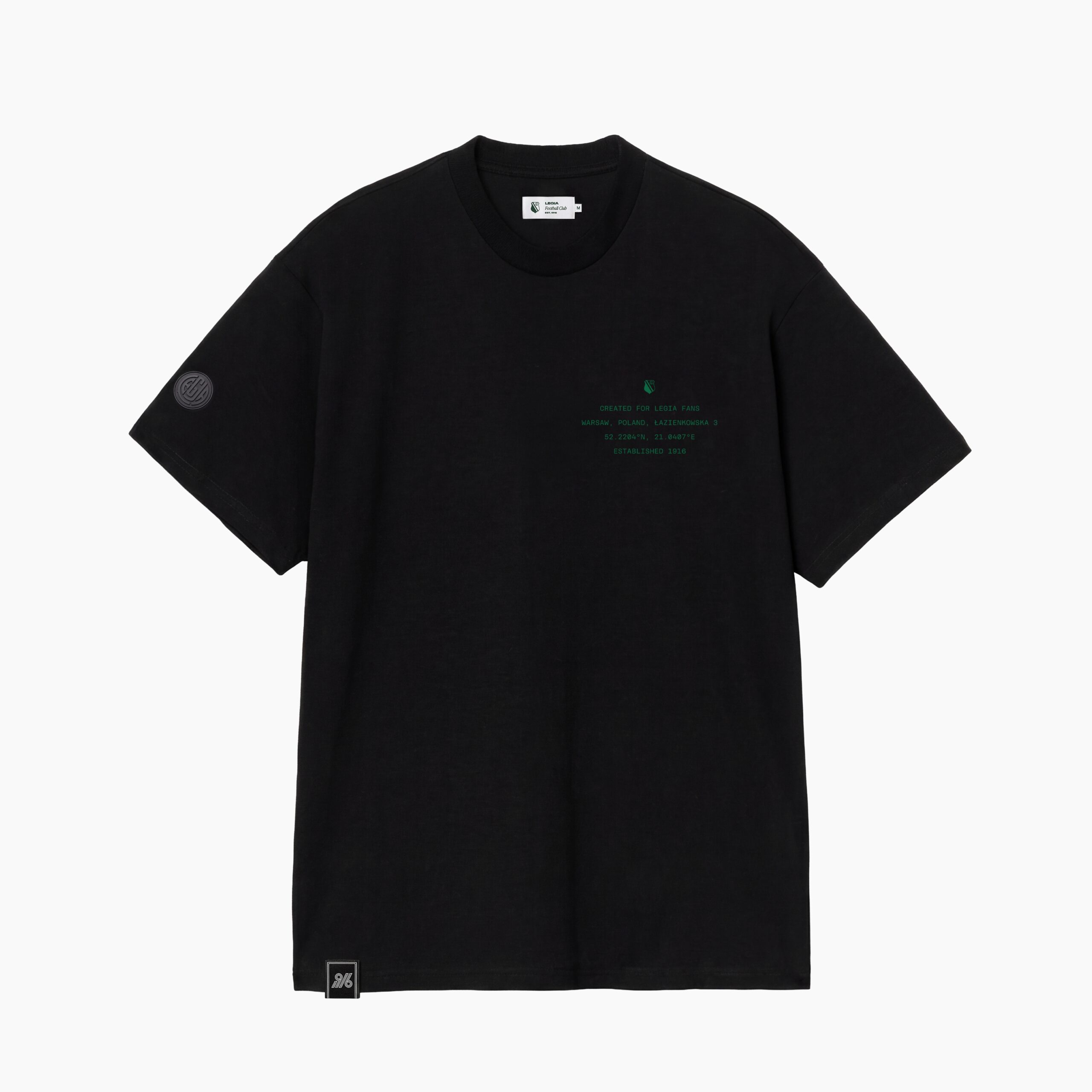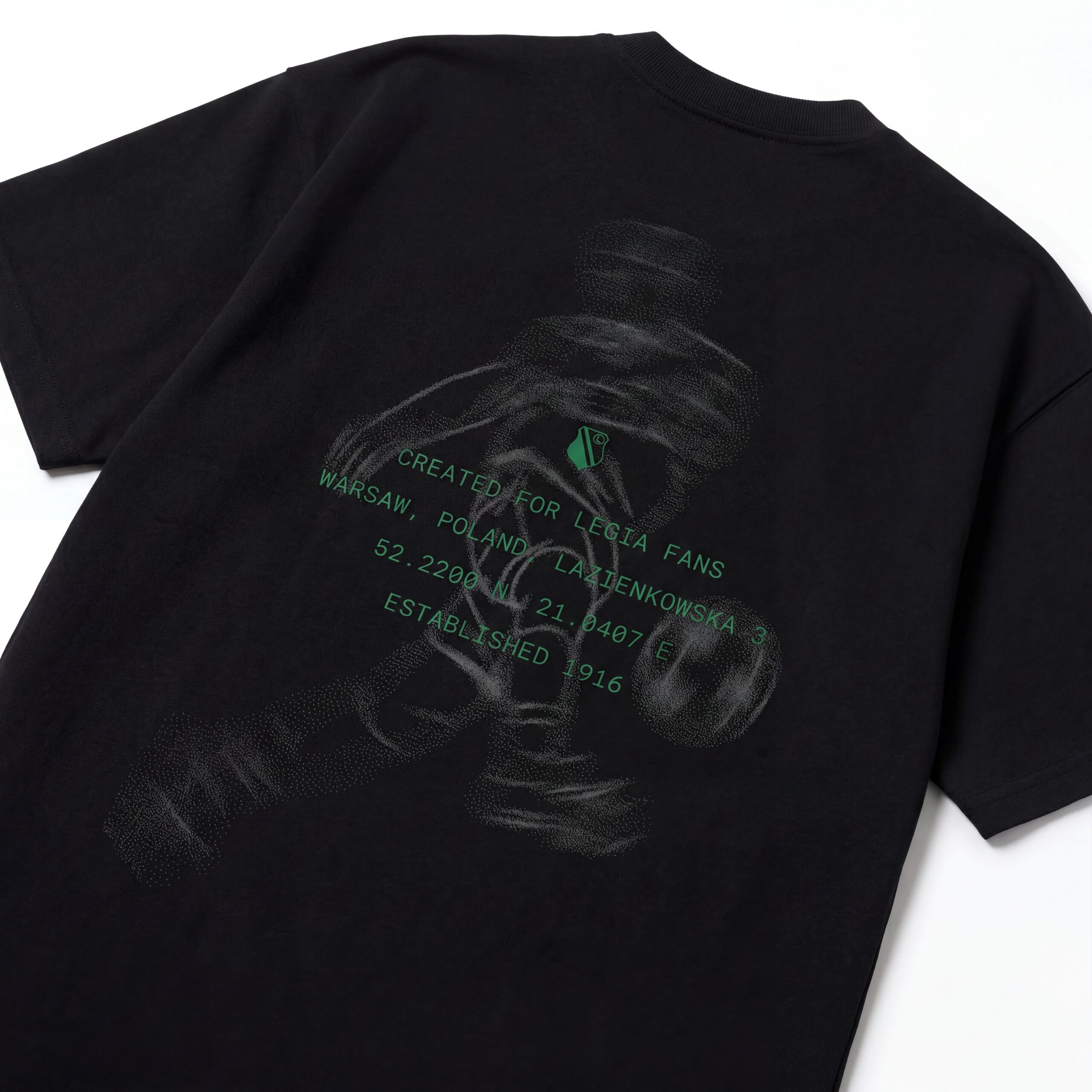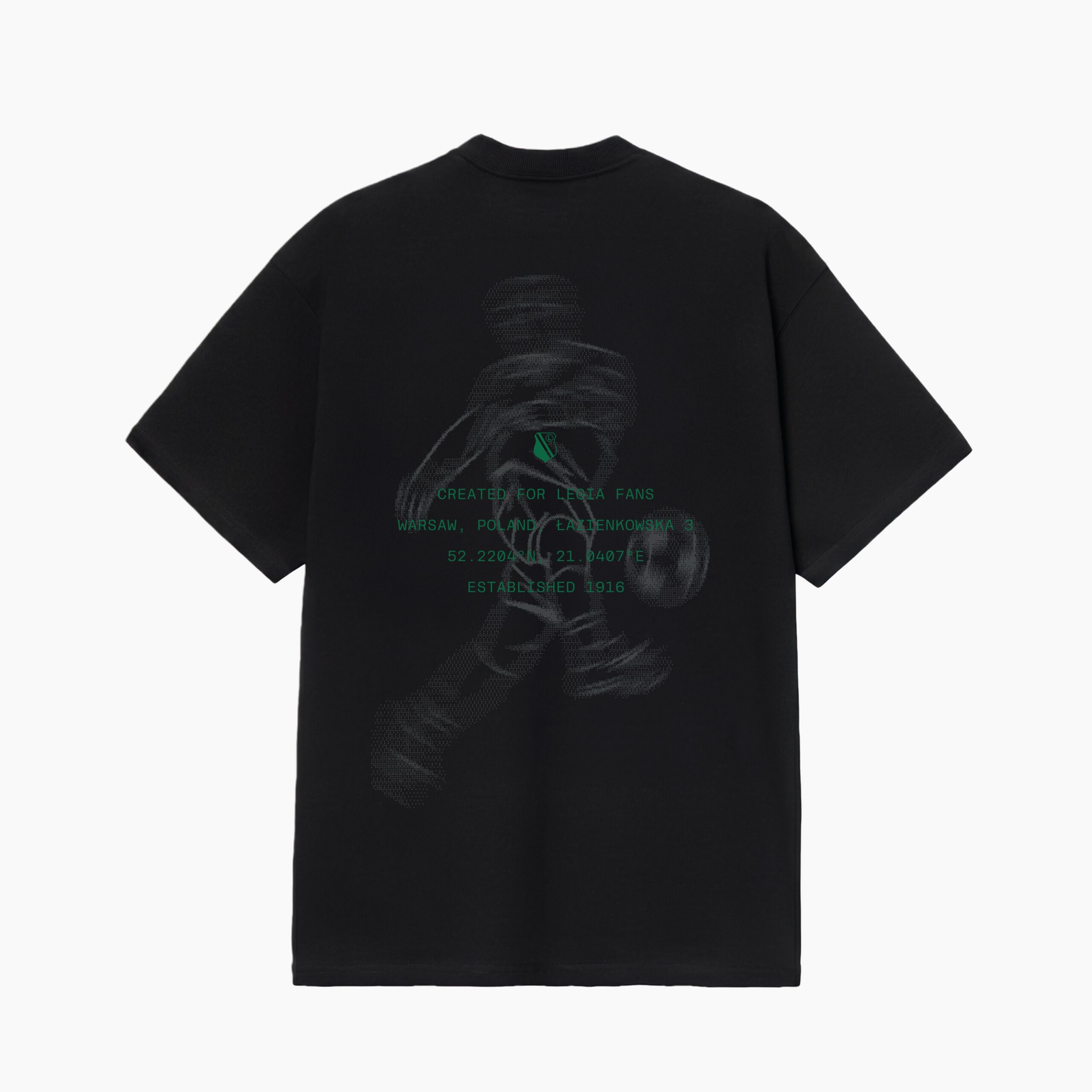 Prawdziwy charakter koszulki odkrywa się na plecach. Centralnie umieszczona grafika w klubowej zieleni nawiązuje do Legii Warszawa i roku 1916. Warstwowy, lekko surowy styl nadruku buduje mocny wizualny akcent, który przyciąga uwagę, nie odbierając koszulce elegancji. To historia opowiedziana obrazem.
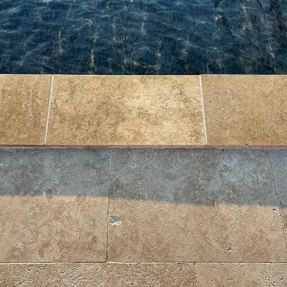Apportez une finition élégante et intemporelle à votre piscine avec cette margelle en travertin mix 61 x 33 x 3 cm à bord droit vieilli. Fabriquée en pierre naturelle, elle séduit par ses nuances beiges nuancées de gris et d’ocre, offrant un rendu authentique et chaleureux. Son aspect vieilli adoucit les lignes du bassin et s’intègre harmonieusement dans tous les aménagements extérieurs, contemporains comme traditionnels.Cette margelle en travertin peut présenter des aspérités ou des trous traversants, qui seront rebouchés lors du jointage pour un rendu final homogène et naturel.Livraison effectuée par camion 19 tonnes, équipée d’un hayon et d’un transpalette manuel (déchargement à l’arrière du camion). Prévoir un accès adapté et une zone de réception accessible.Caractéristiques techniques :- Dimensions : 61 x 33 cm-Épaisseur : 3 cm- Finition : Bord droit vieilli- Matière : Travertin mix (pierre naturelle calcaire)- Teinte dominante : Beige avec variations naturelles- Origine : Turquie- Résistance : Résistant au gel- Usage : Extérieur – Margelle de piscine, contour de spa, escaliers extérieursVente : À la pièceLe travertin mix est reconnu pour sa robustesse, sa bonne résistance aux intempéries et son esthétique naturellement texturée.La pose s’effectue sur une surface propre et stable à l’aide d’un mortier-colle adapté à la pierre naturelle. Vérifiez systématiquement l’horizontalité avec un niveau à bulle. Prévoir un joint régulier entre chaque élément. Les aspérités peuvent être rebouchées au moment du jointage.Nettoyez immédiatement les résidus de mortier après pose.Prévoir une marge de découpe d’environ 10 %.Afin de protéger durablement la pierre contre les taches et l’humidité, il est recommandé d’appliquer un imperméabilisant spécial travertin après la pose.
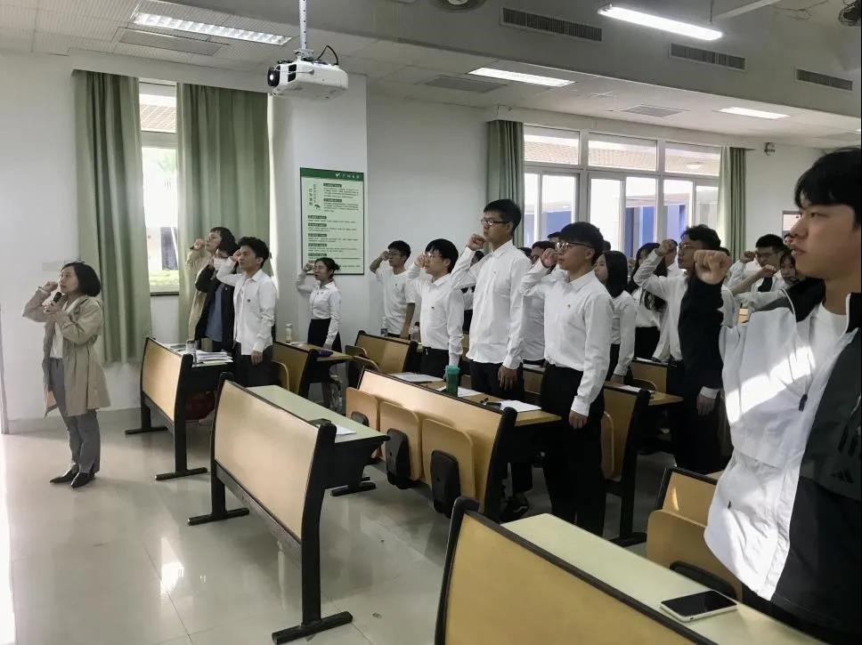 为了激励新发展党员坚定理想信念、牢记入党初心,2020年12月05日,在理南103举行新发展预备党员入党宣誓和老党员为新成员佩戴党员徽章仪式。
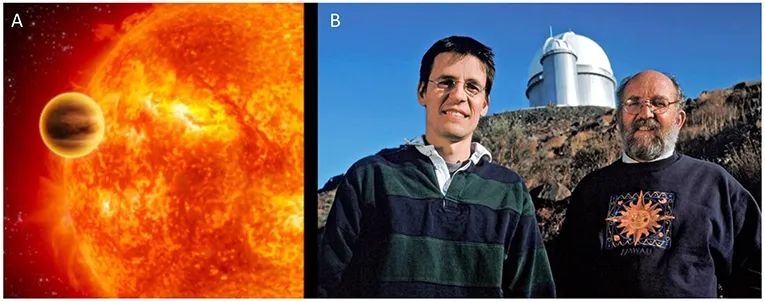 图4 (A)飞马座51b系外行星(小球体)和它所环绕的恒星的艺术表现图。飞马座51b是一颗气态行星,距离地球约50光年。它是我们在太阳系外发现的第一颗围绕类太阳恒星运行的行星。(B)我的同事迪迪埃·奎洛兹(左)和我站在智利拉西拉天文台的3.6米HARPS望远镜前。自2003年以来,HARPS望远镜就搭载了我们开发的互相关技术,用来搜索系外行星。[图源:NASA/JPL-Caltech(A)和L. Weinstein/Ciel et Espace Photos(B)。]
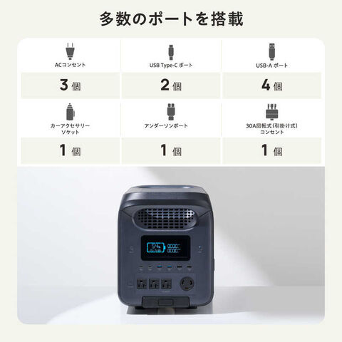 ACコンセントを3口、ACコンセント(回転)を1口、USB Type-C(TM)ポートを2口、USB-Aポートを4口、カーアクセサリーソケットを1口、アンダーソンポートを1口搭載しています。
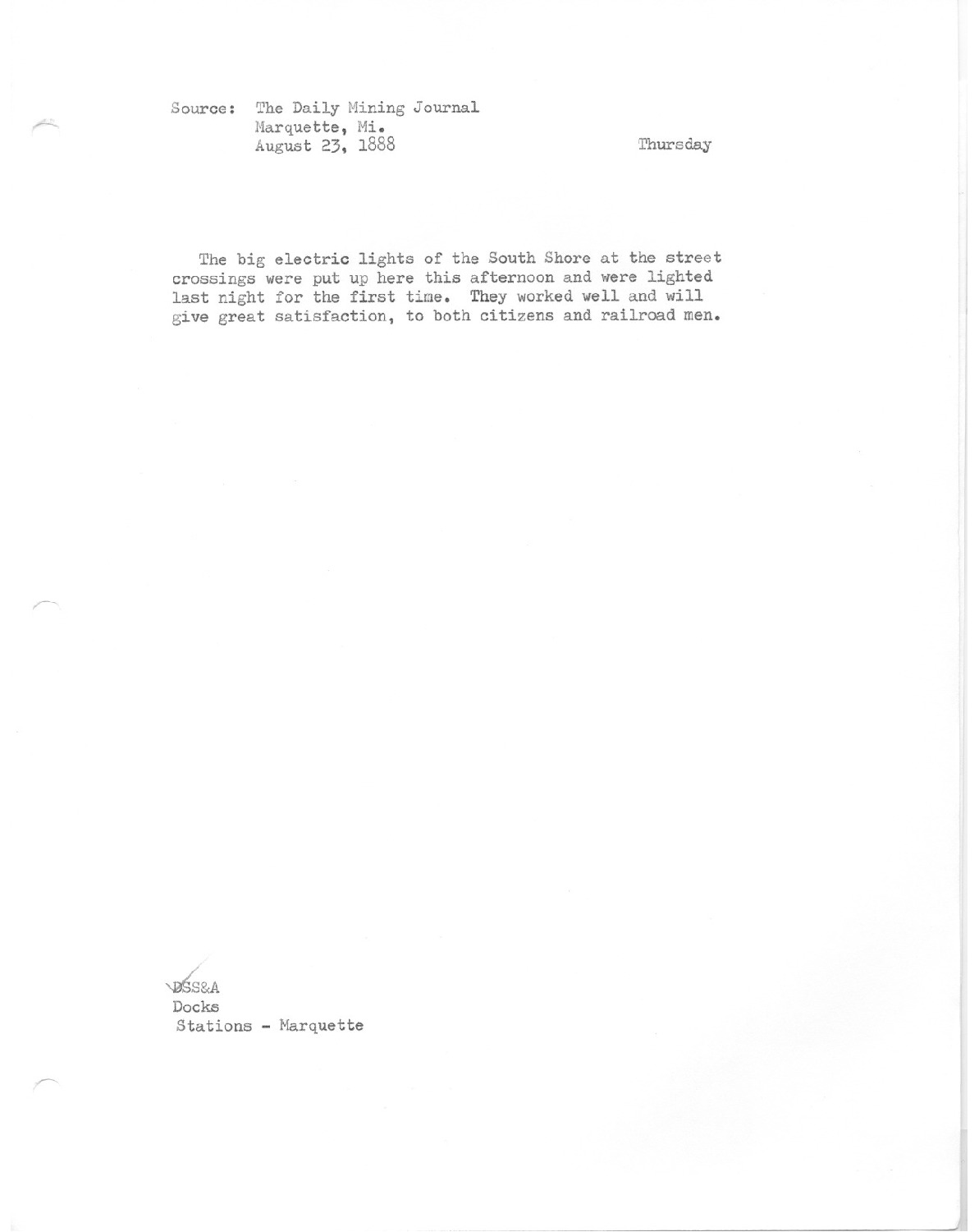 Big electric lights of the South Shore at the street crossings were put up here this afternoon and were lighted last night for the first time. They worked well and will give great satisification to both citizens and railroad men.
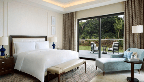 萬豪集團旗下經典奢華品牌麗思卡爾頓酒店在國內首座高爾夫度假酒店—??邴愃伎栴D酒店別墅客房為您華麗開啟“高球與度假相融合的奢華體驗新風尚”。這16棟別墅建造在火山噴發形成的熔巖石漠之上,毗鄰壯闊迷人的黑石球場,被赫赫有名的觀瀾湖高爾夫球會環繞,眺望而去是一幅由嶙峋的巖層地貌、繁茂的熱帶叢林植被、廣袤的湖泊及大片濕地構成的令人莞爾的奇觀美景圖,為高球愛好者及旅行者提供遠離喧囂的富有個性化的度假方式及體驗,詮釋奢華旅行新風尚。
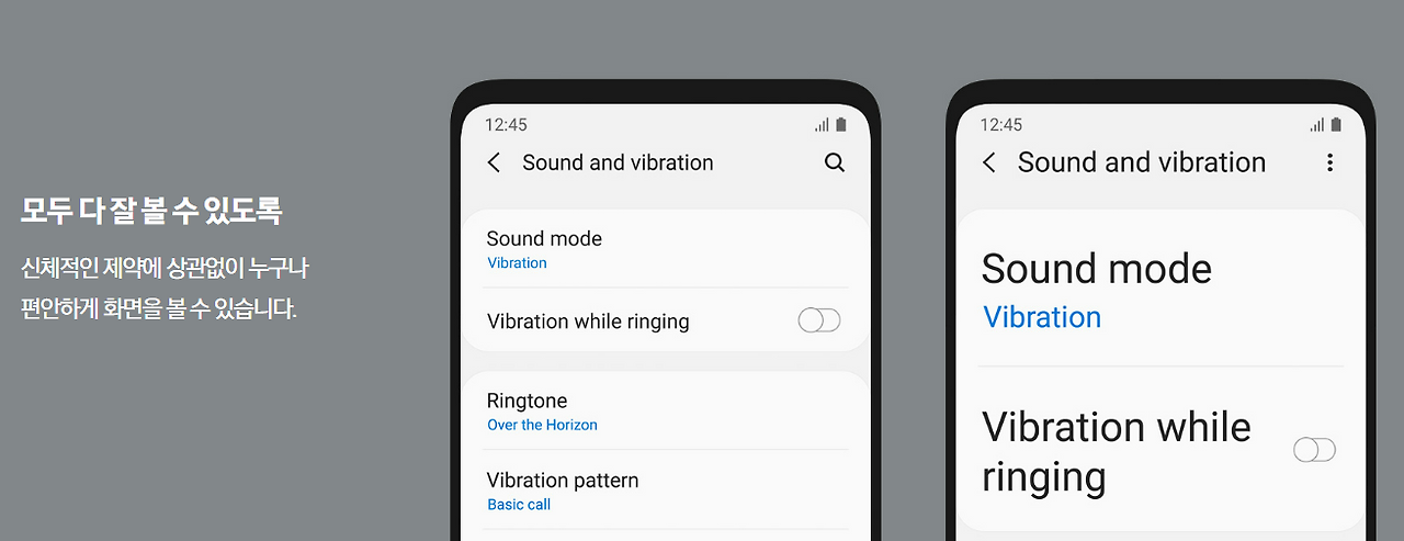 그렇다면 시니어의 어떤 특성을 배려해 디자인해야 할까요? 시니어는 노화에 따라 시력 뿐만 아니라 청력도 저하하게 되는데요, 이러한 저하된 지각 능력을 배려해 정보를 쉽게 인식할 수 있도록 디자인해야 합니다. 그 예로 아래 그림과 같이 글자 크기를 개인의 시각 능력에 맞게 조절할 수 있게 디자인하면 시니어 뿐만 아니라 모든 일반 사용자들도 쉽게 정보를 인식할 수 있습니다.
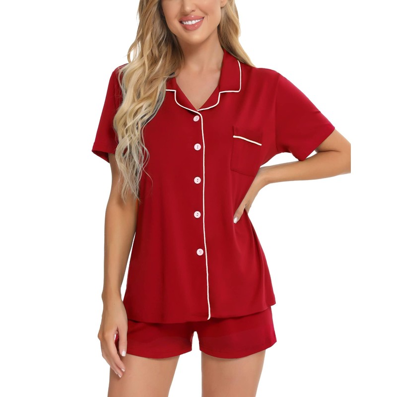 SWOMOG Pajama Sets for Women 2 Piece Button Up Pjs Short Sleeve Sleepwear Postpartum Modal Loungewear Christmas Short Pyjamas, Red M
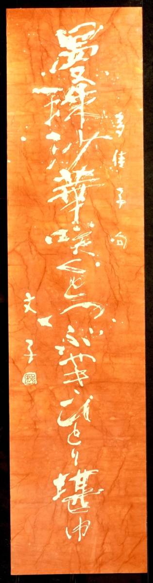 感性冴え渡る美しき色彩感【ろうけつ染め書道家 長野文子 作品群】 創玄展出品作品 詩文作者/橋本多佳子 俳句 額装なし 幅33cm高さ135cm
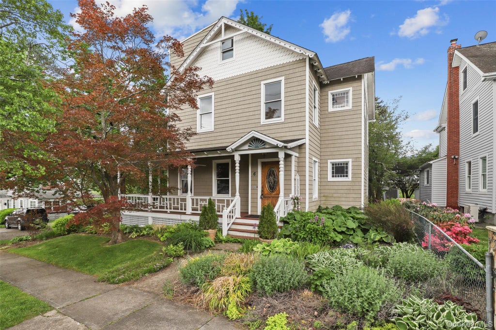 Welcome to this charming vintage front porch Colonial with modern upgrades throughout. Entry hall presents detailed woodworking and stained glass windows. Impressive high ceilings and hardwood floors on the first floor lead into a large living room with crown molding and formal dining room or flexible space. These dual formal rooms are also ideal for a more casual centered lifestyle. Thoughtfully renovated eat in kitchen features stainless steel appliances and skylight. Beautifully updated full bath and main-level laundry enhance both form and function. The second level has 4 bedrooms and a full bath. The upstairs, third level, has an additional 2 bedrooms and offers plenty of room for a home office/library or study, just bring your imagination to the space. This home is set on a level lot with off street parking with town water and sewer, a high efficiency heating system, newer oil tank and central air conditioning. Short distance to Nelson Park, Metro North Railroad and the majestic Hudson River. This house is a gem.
======
EXERCISE INSTRUCTIONS: Nothing but the lines from the one with "et Espace Photos(B)。]" up to and including the one with "感性冴え渡る美しき色彩感【ろうけつ染め書道家 長野文子 作品群】" should be printed, exactly as they read above. Please keep the pictures out.

ANSWER BOX:
 图4 (A)飞马座51b系外行星(小球体)和它所环绕的恒星的艺术表现图。飞马座51b是一颗气态行星,距离地球约50光年。它是我们在太阳系外发现的第一颗围绕类太阳恒星运行的行星。(B)我的同事迪迪埃·奎洛兹(左)和我站在智利拉西拉天文台的3.6米HARPS望远镜前。自2003年以来,HARPS望远镜就搭载了我们开发的互相关技术,用来搜索系外行星。[图源:NASA/JPL-Caltech(A)和L. Weinstein/Ciel et Espace Photos(B)。]
 ACコンセントを3口、ACコンセント(回転)を1口、USB Type-C(TM)ポートを2口、USB-Aポートを4口、カーアクセサリーソケットを1口、アンダーソンポートを1口搭載しています。
 Big electric lights of the South Shore at the street crossings were put up here this afternoon and were lighted last night for the first time. They worked well and will give great satisification to both citizens and railroad men.
 萬豪集團旗下經典奢華品牌麗思卡爾頓酒店在國內首座高爾夫度假酒店—??邴愃伎栴D酒店別墅客房為您華麗開啟“高球與度假相融合的奢華體驗新風尚”。這16棟別墅建造在火山噴發形成的熔巖石漠之上,毗鄰壯闊迷人的黑石球場,被赫赫有名的觀瀾湖高爾夫球會環繞,眺望而去是一幅由嶙峋的巖層地貌、繁茂的熱帶叢林植被、廣袤的湖泊及大片濕地構成的令人莞爾的奇觀美景圖,為高球愛好者及旅行者提供遠離喧囂的富有個性化的度假方式及體驗,詮釋奢華旅行新風尚。
 그렇다면 시니어의 어떤 특성을 배려해 디자인해야 할까요? 시니어는 노화에 따라 시력 뿐만 아니라 청력도 저하하게 되는데요, 이러한 저하된 지각 능력을 배려해 정보를 쉽게 인식할 수 있도록 디자인해야 합니다. 그 예로 아래 그림과 같이 글자 크기를 개인의 시각 능력에 맞게 조절할 수 있게 디자인하면 시니어 뿐만 아니라 모든 일반 사용자들도 쉽게 정보를 인식할 수 있습니다.
 SWOMOG Pajama Sets for Women 2 Piece Button Up Pjs Short Sleeve Sleepwear Postpartum Modal Loungewear Christmas Short Pyjamas, Red M
 感性冴え渡る美しき色彩感【ろうけつ染め書道家 長野文子 作品群】 創玄展出品作品 詩文作者/橋本多佳子 俳句 額装なし 幅33cm高さ135cm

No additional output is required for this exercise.